The Pain Points subgroup is meeting regularly on every Monday @ Monday 2pm
UTC.  (Other subgroups still need to set a regular meeting time.)  A list of
11 Pain Points from WebTrust is being worked on by the P2 subgroup.
However, two of those 11 are flagged as needing work by the Authentication
and Access Control subgroup, so they have an immediate list of tasks to work
on.  Those two items are: (1) Testability of access controls in Section
2(k),  and (2) Prescriptiveness of authentication and account lockout

The above subcommittee meeting adjourned after 20 minutes, and anyone
wanting to leave the meeting could.  The remainder of the hour was used to
discuss the PCI-DSS, v. 3.2.1.

We reviewed the Scope statement in the PCI DSS.  Our Scope statement could
be similarly expanded and elaborated on.  Mentioned were network
segmentation, best practices, guidance for assessors, and compensating
controls, which is one of the things that we want to incorporate into our
Network Security Requirements.

Ben read page 16 of the PCI DSS, Compensating Controls, "On an annual basis,
any compensating controls must be documented, reviewed and validated by the
assessor and included with the Report on Compliance submission, per Appendix
B: Compensating Controls and Appendix C: Compensating Controls Worksheet.
For each and every compensating control, the Compensating Controls Worksheet
(Appendix C)must be completed.
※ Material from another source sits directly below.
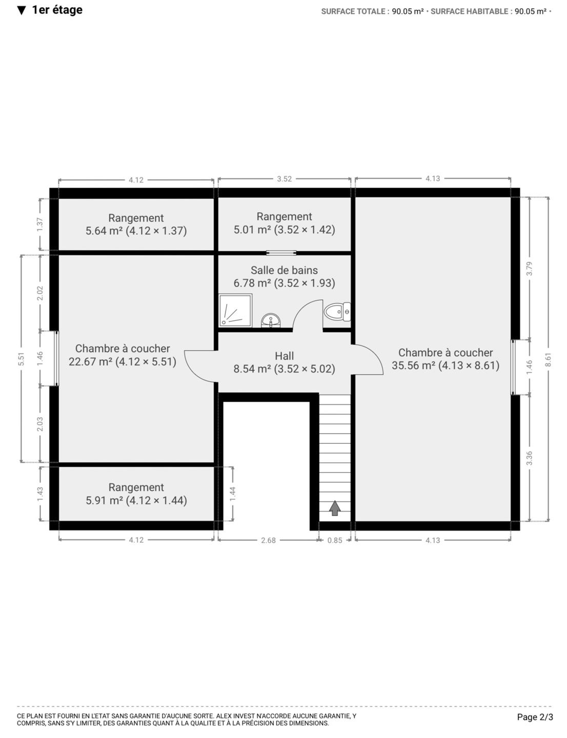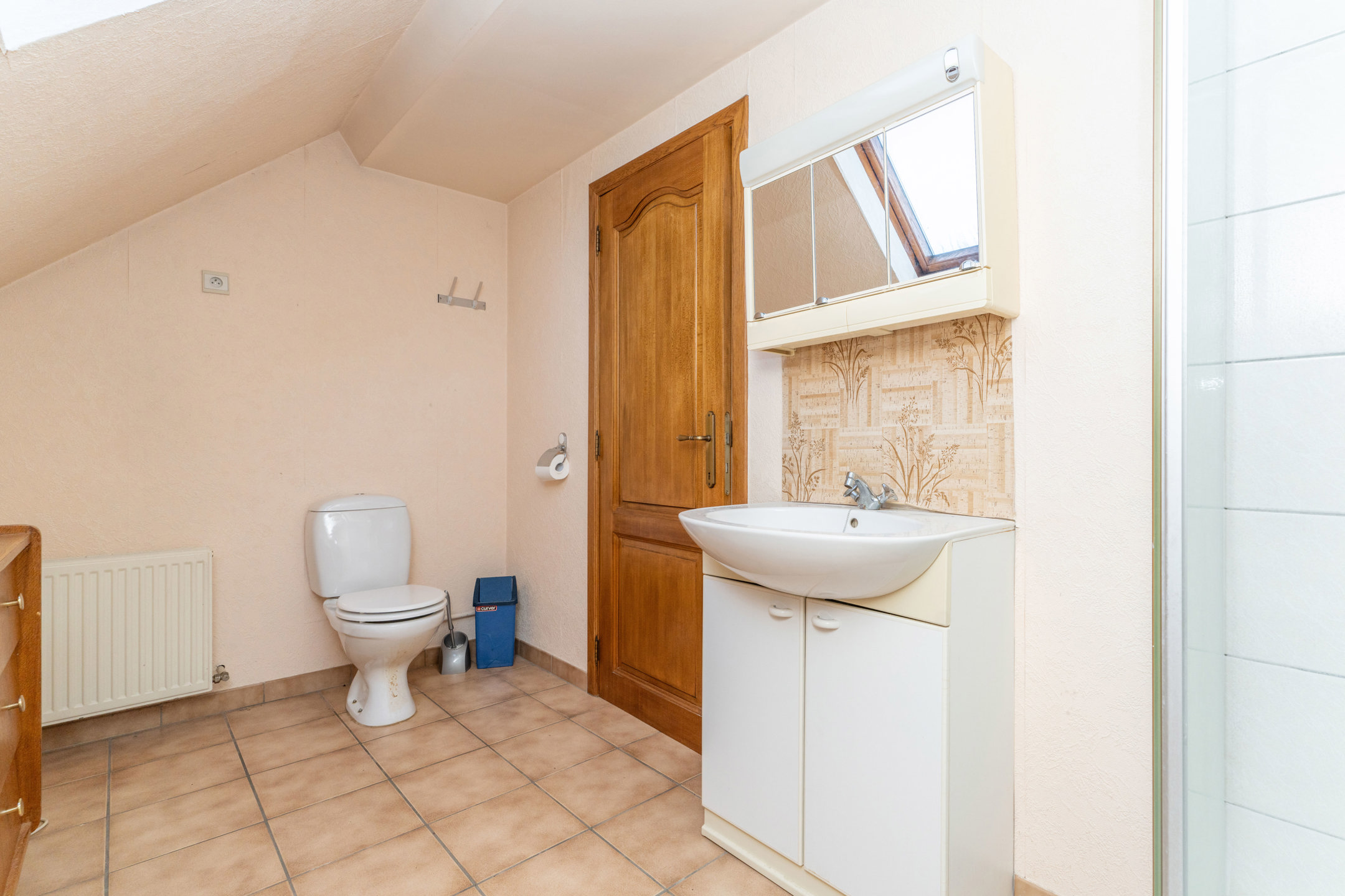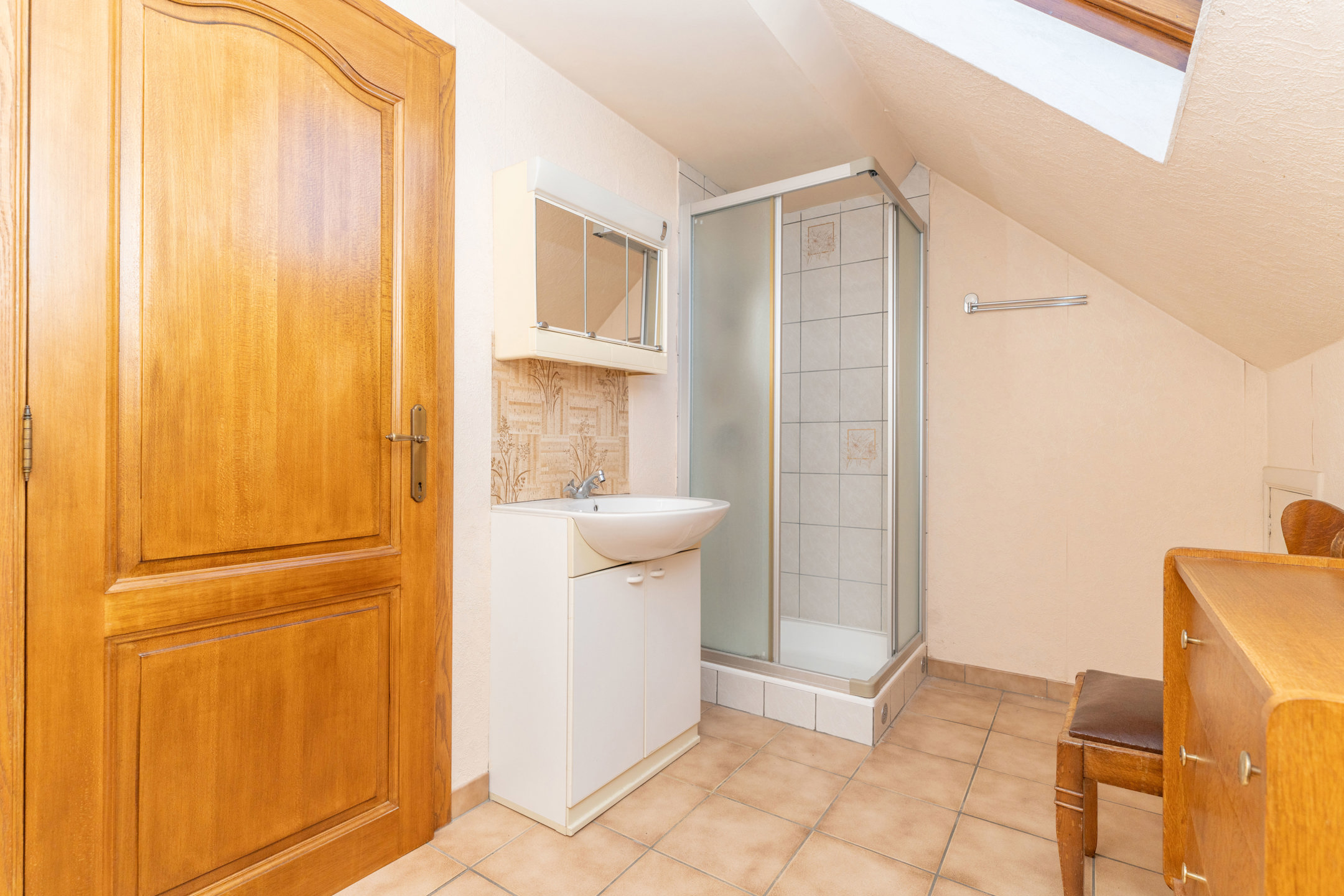 => À l’étage, le hall de nuit mène à une chambre spacieuse de ± 23 m² avec espace de rangement, une salle de douche avec WC, ainsi qu’une grande pièce de ± 36 m² à aménager selon vos envies — possibilité de créer deux chambres supplémentaires ou un bel espace polyvalent.
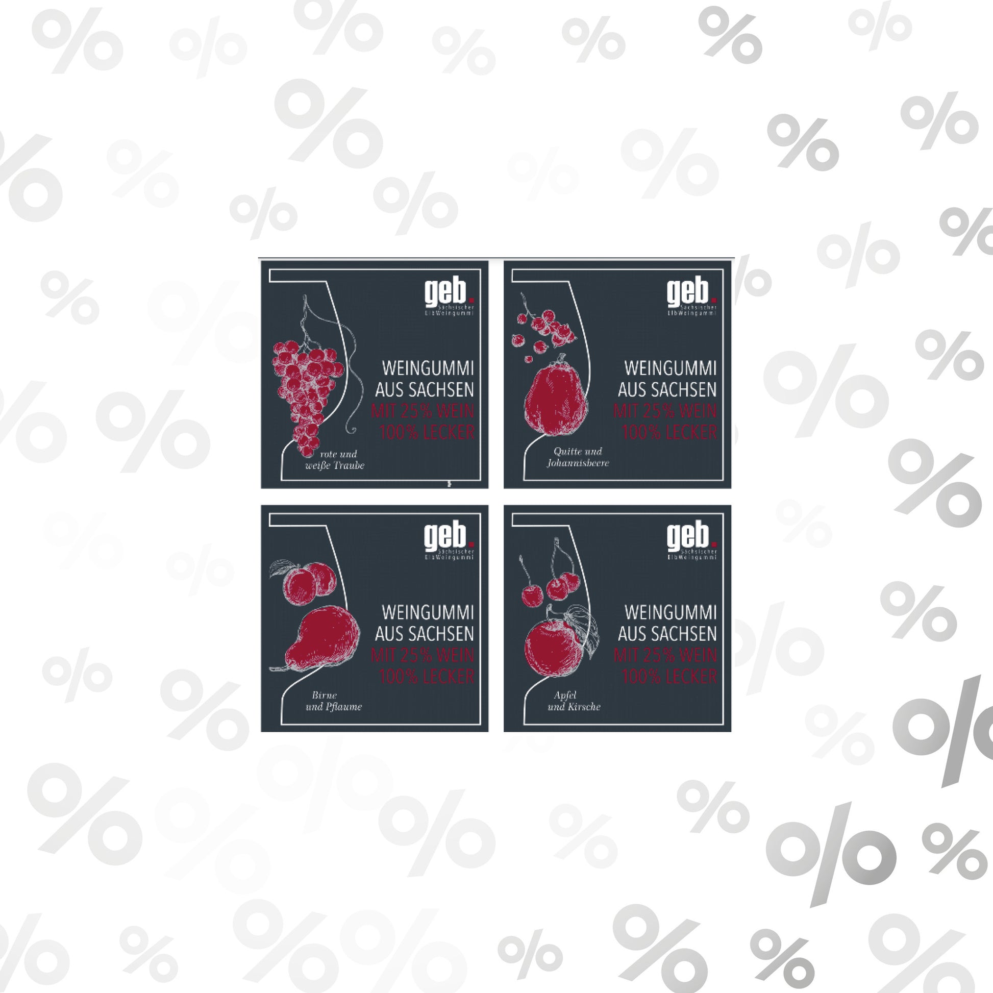 Weingummi aus Sachsen mit 25% Wein in vier edlen 200g-Schachteln.

Additionally, compensating control results
should be documented in the ROC in the corresponding PCI DSS requirement
section. See the above-mentioned Appendices B and C for more details on
'compensating controls.'"

David noted that if a company has complicated systems with lots of controls,
then this concept of compensating controls makes sense because the NCSSR
requirements might not fit very well, and the PCI DSS allow for more
stringent or superior controls.

There is also a Guidance column in the PCI DSS.  The PCI DSS says, "This
column describes the intent or security objective behind each of the PCI DSS
requirements. This column contains guidance only, and is intended to assist
understanding of the intent of each requirement. The guidance in this column
does not replace or extend the PCI DSS Requirements and Testing Procedures."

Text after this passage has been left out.